* _YOUR TASK_: Please repeat, exactly as written, the line containing "Перед началом разработки" and every line after it through the end of the records below, leaving out any pictures.

• • •

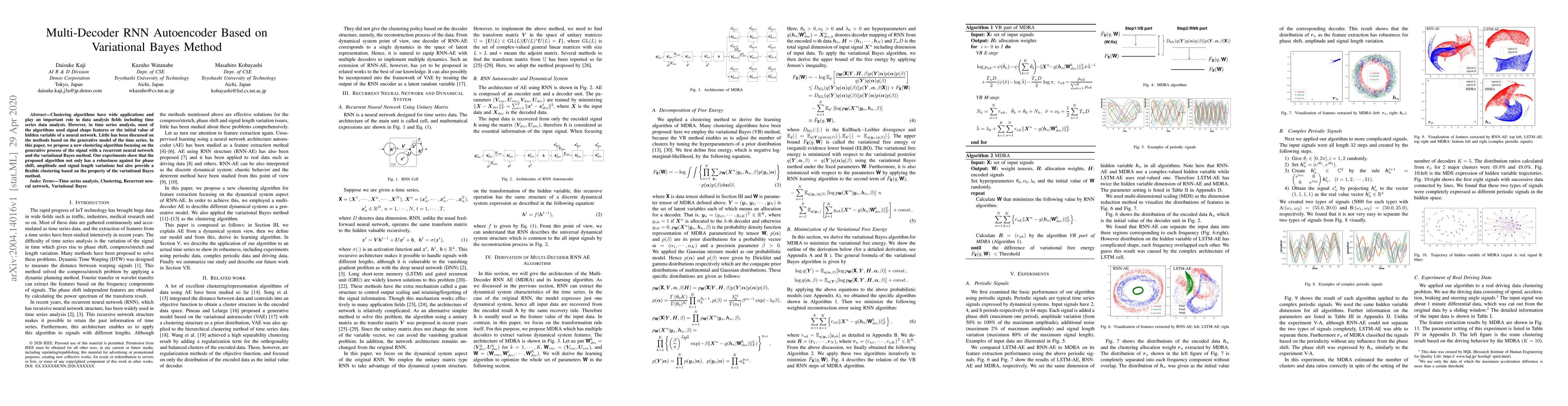 This paper proposes a clustering algorithm using a multi-decoder RNN autoencoder with a variational Bayes method to model the generative process of time series data. The algorithm demonstrates robustness against variations in phase, amplitude, and signal length, and offers flexible clustering based on the variational Bayes property.
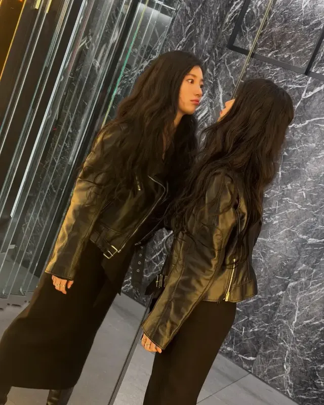 특히 눈길을 끄는 것은 스타일 변화다. 수지는 가죽 라이더 재킷과 롱 스커트를 매치한 올블랙 스타일링으로 기존의 청순한 이미지와는 결이 다른 카리스마를 선보였다. 대리석 벽면을 배경으로 한 차가운 공간감은 ‘도시적인 냉미녀’ 콘셉트를 한층 강화하며, 절제된 포즈와 시선 처리로 성숙한 분위기를 완성했다.
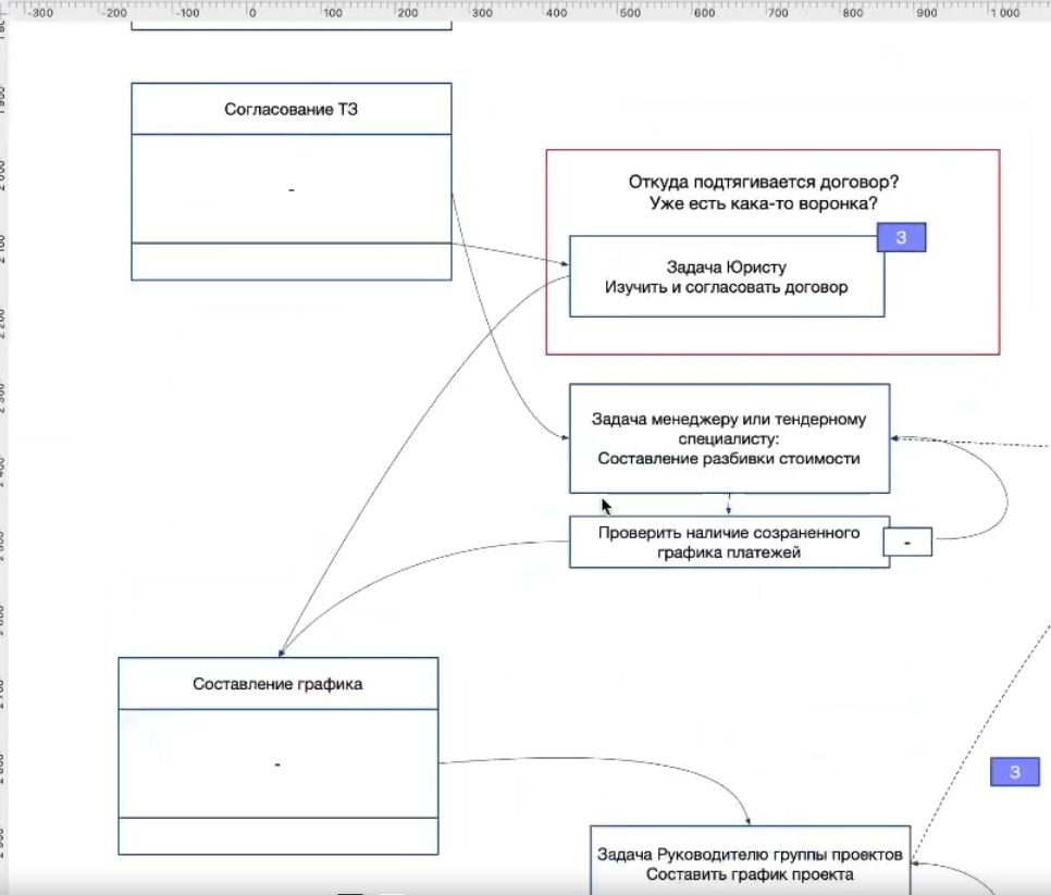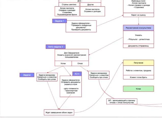 Перед началом разработки команда подготовила прототип карточки и блок-схему воронок. На ней отразили весь путь сделки — от загрузки договора до актирования, с автоматическими задачами, уведомлениями и назначением ответственных. После того как заказчик утвердил порядок переходов и последовательность этапов, специалисты перешли к верстке интерфейсов и настройке автоматизаций.
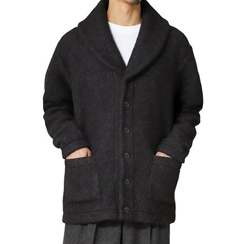 > AUBERGE/オーベルジュ/COOKE/クック/ショールカラー カシミヤフリースカーディガン/フロントポケット/ボタンフロント/丸襟/チャコール/42
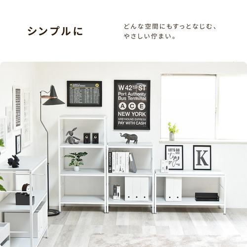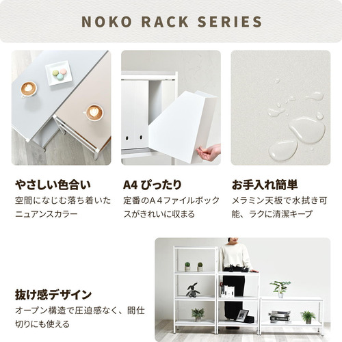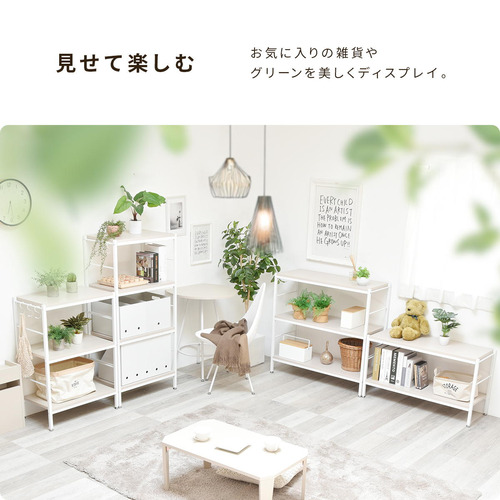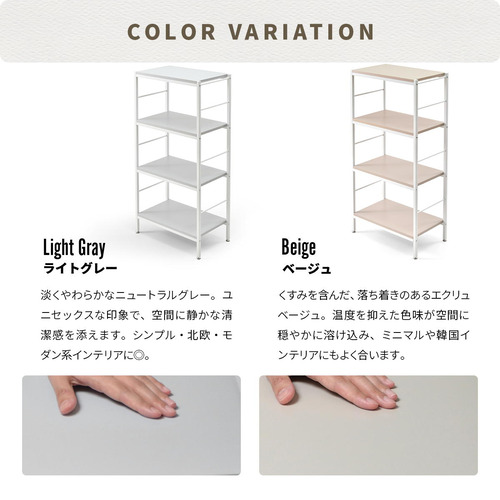 ホワイトフレームに柔らかいニュアンスカラーの天板、棚板が特徴的

• • •

* _COMPLETED TASK_:
 Перед началом разработки команда подготовила прототип карточки и блок-схему воронок. На ней отразили весь путь сделки — от загрузки договора до актирования, с автоматическими задачами, уведомлениями и назначением ответственных. После того как заказчик утвердил порядок переходов и последовательность этапов, специалисты перешли к верстке интерфейсов и настройке автоматизаций.
 > AUBERGE/オーベルジュ/COOKE/クック/ショールカラー カシミヤフリースカーディガン/フロントポケット/ボタンフロント/丸襟/チャコール/42
 ホワイトフレームに柔らかいニュアンスカラーの天板、棚板が特徴的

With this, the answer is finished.